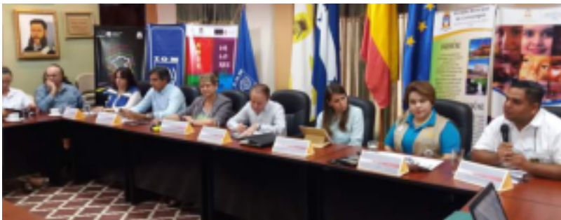
Las autoridades se comprometieron a trabajar arduamente en el tema de migración.

Sin embargo, por cualquier circunstancia los ciudadanos no pudieran cancelar los impuestos en su totalidad, pueden avocarse a las oficinas de Administración Tributaria de esta alcaldía y hacer un plan de pago para cancelarlo durante el periodo de la Amnistía.
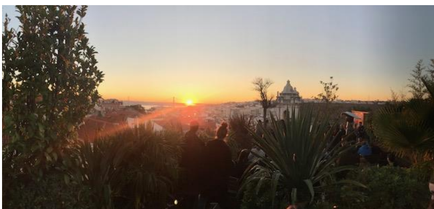
Utsikt från Park rooftop

längst med hela stranden där man kan ta kurser eller bara hyra en bräda och våtdräkt (för det är kallt i vattnet). I övrigt hittade jag väldigt bra vänner som jag hängde mycket med, gick ut och testade massa restauranger och drack drinkar på barer samt hängde på stränder såsom Estoril eller Cascais eller gjorde andra utflykter så fort vi fick chansen. Vi var iväg på två resor, en till staden Porto och en till

━━━━━━━━━━━━━━━━━━━━

From the line containing "Utsikt från Park rooftop" to the final line above, output everything. Change nothing and add nothing.

◆ **Output below**
Utsikt från Park rooftop

längst med hela stranden där man kan ta kurser eller bara hyra en bräda och våtdräkt (för det är kallt i vattnet). I övrigt hittade jag väldigt bra vänner som jag hängde mycket med, gick ut och testade massa restauranger och drack drinkar på barer samt hängde på stränder såsom Estoril eller Cascais eller gjorde andra utflykter så fort vi fick chansen. Vi var iväg på två resor, en till staden Porto och en till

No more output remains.